9 startup che guadagnano utilizzando Uber

9 startup che guadagnano utilizzando Uber



Il valore di un iPhone non si misura soltanto dalle sue funzionalità o dal suo design. Vale anche perché è capace, da solo, di muovere un mercato per così dire secondario, fatto di accessori e prodotti complementari, altrettanto redditizio. Il discorso non vale solo per gli smartphone, ma può essere allargato anche ad altri settori, compreso quello del trasporto. Uber e Lyft sono quello che l’iPhone ha rappresentato per chi vende cuffie, cover o caricabatterie: un mezzo (in questo caso in senso figurato) per centinaia di altre aziende e imprenditori, che sfruttano il successo delle grandi compagnie per il proprio profitto.

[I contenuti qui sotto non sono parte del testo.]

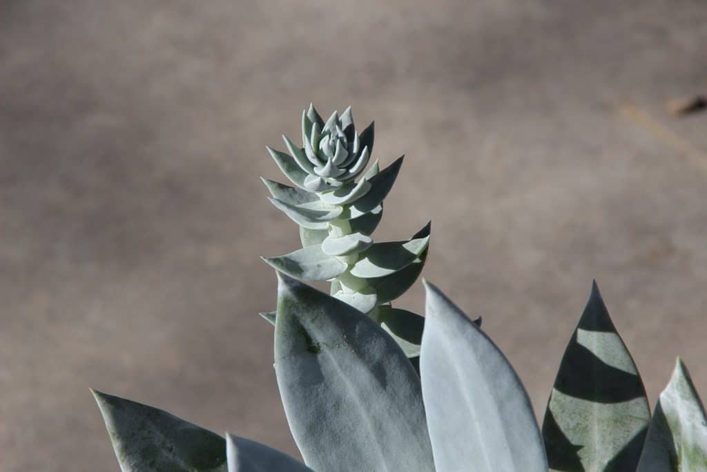 In fact, it has been happy enough to bloom twice for me, as you can see here. The flowers on some dudleyas are more impressive than this, are a bit larger and have more color, but really, what I like about this particular one, Dudleya pulverulenta, is that soft gray/blue color of the plant.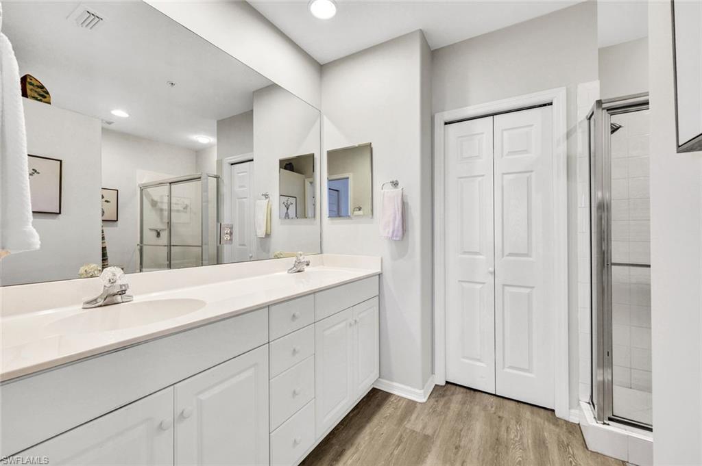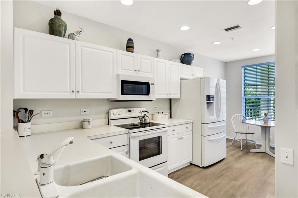 Enjoy long views of the 11th hole and two lakes from this third floor Hampton model. Just steps to one of the 3 satellite pools. Make this very well-maintained condo your own. It has higher ceilings and vinyl plank flooring in the kitchen, living areas and bathrooms. You will appreciate the many community amenities offered including bundled golf, with no waiting list to play, 3 satellite pools, a state-of-the-art fitness center with optional classes, massage services and physical therapy, and Har-Tru tennis courts where you can also play pickleball. Enjoy al fresco dining at the Terrace Café as well as casual and fine dining, or a drink with friends at the clubhouse. The main pool area/activities complex have been rebuilt, with a new pool, spa, restrooms, and bocce courts. Vanderbilt Country Club is very social with many organized activities and golf groups.
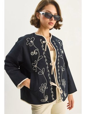 Bianco Lucci Siyah Nakış İşlemeli Cep Detaylı Astarlı Ceket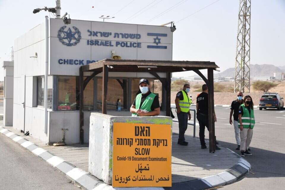 מחסום בדיקת מסמכי קורונה בכניסה לאילת, ב-2020 | צילום: יהודה בן יתח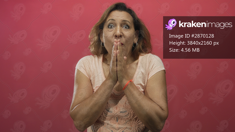 Middle aged hispanic woman with wide eyes covering mouth with hands in red studio; surprise reaction astonishment.

Un esempio molto utile è quello di Gavin Escolar, guidatore Uber originario delle Filippine che lavora a Valencia, il quale ha fatto della sua auto uno showroom per il proprio business di gioielli, arrivando a superare i 250 mila dollari di guadagno all’anno: “È il sogno di qualunque venditore – spiega – ho 10 minuti per conquistare un cliente, un tempo infinito rispetto alla promozione online o a domicilio, e Uber mi paga per farlo!”.

Non solo privati, però: ecco alcune aziende che hanno sfruttato le più importanti compagnie di trasporto per far crescere i propri utili.

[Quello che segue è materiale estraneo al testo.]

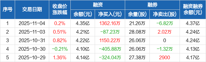 白云机场:融资净买入1362.16万元,融资余额4.35亿元(11-04)
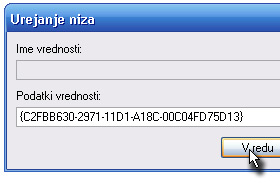 {C2FBB631-2971-11D1-A18C-00C04FD75D13} Kliknite V redu. Dodali smo ključ Kopiraj v mapo... Spet pazite na veliko začetnico. Ko boste vpisali kodo in kliknili V redu lahko zaprete Urejevalnik registrov (samodejno se shrani). |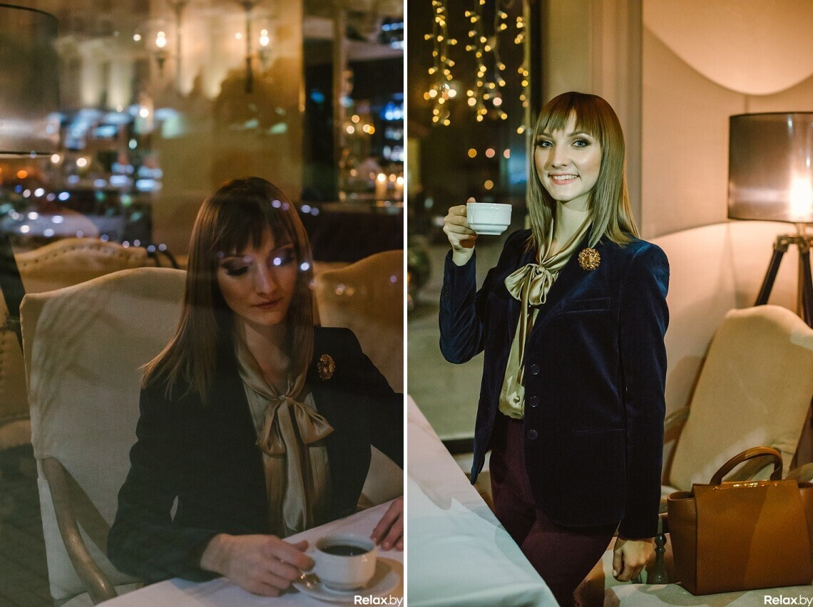— Темно-синий бархатный пиджак и блуза из золотистого атласа — изысканный аристократический шик выдержит не каждая внешность. Но Юлия в новом образе так органично вписалась во всю эту элегантную роскошь, что ей можно позавидовать. Съемка проходила в подходящем для такого образа месте — в Cafe De Paris.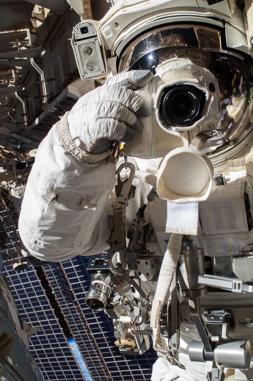 ISS036-E-019660 (16 July 2013) --- NASA astronaut Chris Cassidy, Expedition 36 flight engineer, uses a digital still camera during a session of extravehicular activity (EVA) as work continues on the International Space Station. A little more than one hour into the spacewalk, European Space Agency astronaut Luca Parmitano (out of frame) reported water floating behind his head inside his helmet. The water was not an immediate health hazard for Parmitano, but Mission Control decided to end the spacewalk early.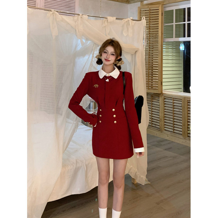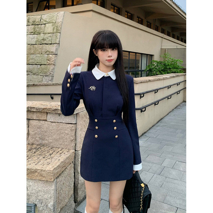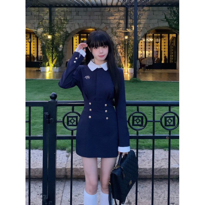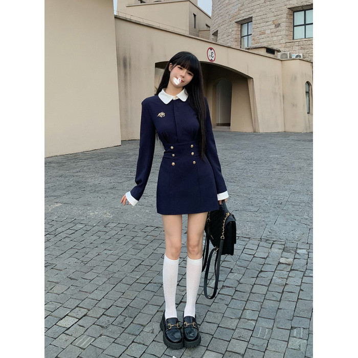 法式假兩件連衣裙子女收腰氣質設計感小衆長袖polo領a字短裙秋季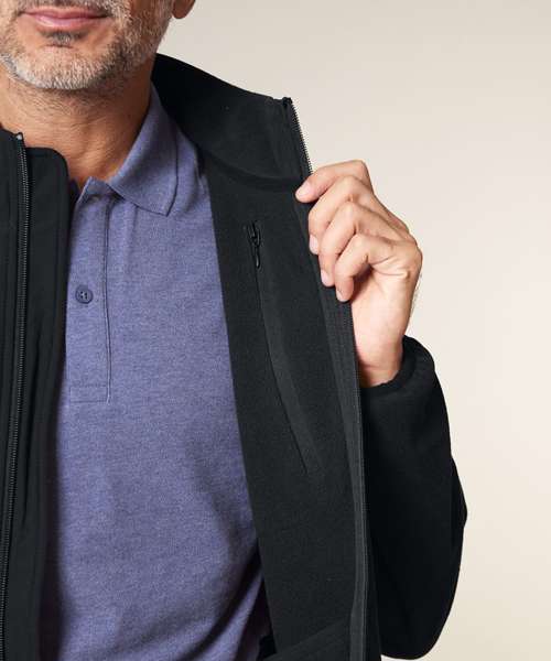 Set-in sleeves. Elastic binding at cuffs and hem. Inside back neck binding loop and back neck tape. Nylon coil zip with metal zip pull and cord ending. Brushed polar fleece fabric with anti-pilling finish on the inside and outside. Front side welt pockets with hidden zip closure. Contrast softshell fabric at the yoke and outer collar. Inside invisible zip at the wearer’s left chest for easy decoration.

Cargo: questa startup permette ai guidatori di vendere snack, gomme da masticare, caricabatterie o cuffie direttamente dall’auto, attraverso un display posizionato dietro al sedile del guidatore.

Vugo: installa dei monitor all’interno dell’abitacolo, nei quali i clienti possono prendere visione di diverse offerte promozionali. In cambio, Vugo paga gli autisti per questi spazi pubblicitari.

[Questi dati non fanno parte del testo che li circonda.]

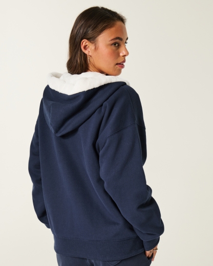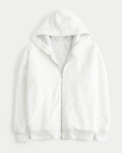Reversible Faux Fur-Lined Fleece Zip-Up Hoodie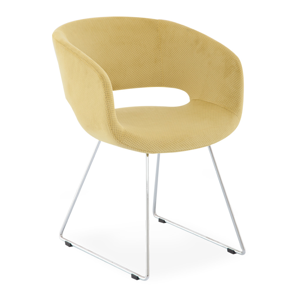 Die sanft geschwungene Form und das moderne Design verleihen diesem Stuhl eine elegante Leichtigkeit. Die gepolsterte Sitzfläche sowie die umlaufende Rückenlehne sorgen für angenehmen Komfort und laden zum entspannten Sitzen ein. Mit seinem filigranen Metallgestell eignet er sich ideal für Essbereiche, Besprechungsräume oder moderne Lounges. Seine vielseitige Gestaltung macht ihn zu einer zeitlosen Ergänzung für unterschiedliche Einrichtungskonzepte.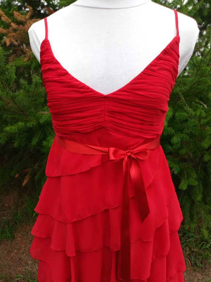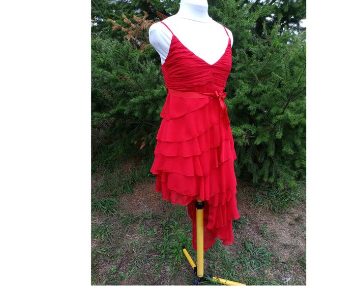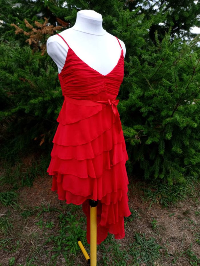 https://metarobecouture.wixsite.com/website robe chic unique, modifiée par MétaRobe taille 36/38 jupe asymétrique zippée sur le coté rouge smocks dans le dos ref : S-257 #metarobe36 #metarobe38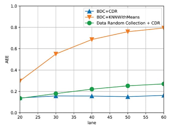 Figure 11 shows the AEE of the three algorithms under different numbers of covered road segments. Specifically, the number of covered road segments is determined by the service range of MEC server. In this set of simulation, the communication capacity of each MEC server is fixed to 1600 uploaded traffic data items per minute. It is observed that the AEE of three algorithms increases gradually with the increasing number of covered road segments. It is because the required amount of traffic data has exceeded the communication capacity of the MEC server. However, the BDC + CDR achieves much lower AEE than BDC + KNN with Mean, which indicates that the BDC + CDR still can find out better correlation between the missing data and collected traffic data. Additionally, the performance gap between BDC + CDR and DRC + CDR becomes larger with increasing number of covered road segments, which indicates that the proposed data collection strategy can play a critical role when the communication capacity becomes the bottleneck.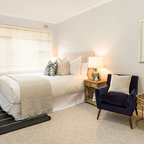 Неиссякаемый источник вдохновения для домашнего уюта: спальня в стиле современная классика с белыми стенами и темным паркетным полом — Houzz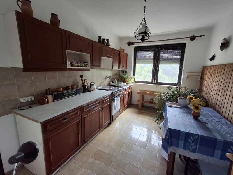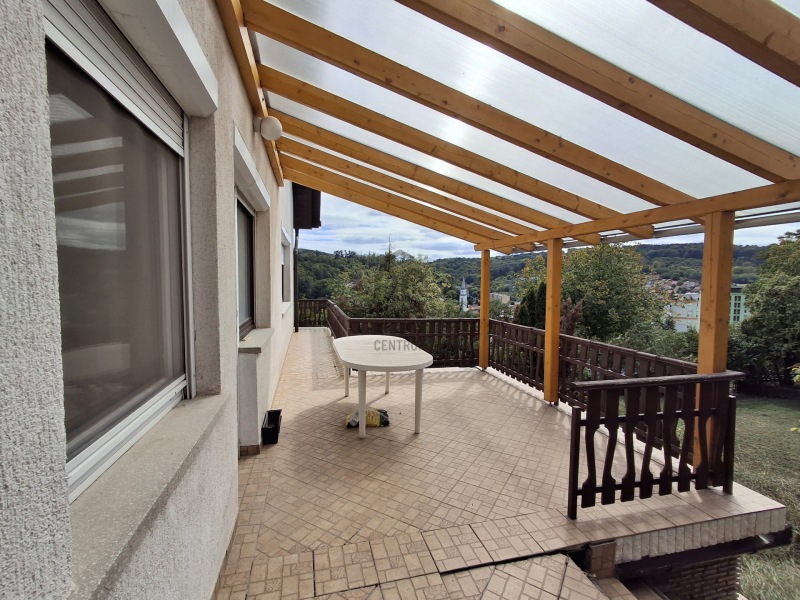 Zöld környezetben, örök panorámás kilátás a városra, belső 3 szintes családi ikerház . Az ingatlan 1990-ben épült, bruttó 336nm, teraszokkal, szintenként külön lakóegységként is használható. Jelenleg jó állapotú, de igény szerinti korszerűsíthető ikerház, (mely nincs összeépítve) Az alsó szint kívülről is megközelíthető, így alkalmas irodának, magánrendelőnek, vállalkozásnak. A ház szigetelése megfelelő, nyílászárói fa-műanyag ablakok, fűtése távfűtés valamint a földszinti nappaliban nagyon szép épített kandalló található. A telek mérete 1109nm, mely enyhén domboldal, egy része sík, kerti rendezvényekre kiválóan alkalmas. Az ingatlanhoz garázs, présház és borospince is tartozik.

Wrapify: in questo caso la pubblicità è all’esterno, sulla carrozzeria. Questa azienda “incarta” le vetture con inserzioni, e ai guidatori spetta un tot al chilometro.

Gridwise: comunica al conducente l’orario esatto in cui andare a riprendere i passeggeri all’aeroporto, allo stadio o dovunque vogliano, basandosi sui loro dataset.

Mystro: permette agli utenti di passare senza fatica da un’app di trasporti all’altra, filtrando le opzioni di viaggio in maniera automatica tra tutte le piattaforme.

Rydar: propone un’assistenza personalizzata al guidatore improntata alla gig-economy, basandosi sul dataset dei clienti.

FarePilot: aiuta i conducenti a trovare le zone della città in cui ci sarà più bisogno di loro, quindi di identificare il maggior numero di clienti.

Hurdir: permette ai guidatori di tenere traccia dei chilometri percorsi, delle spese, delle entrate e delle deduzioni fiscali, tutto in un’unica app.

Everlance: incrocia automaticamente i dati dei chilometri percorsi con quelli delle spese sostenute, in modo da ricavare il profitto esatto di ogni tratta percorsa.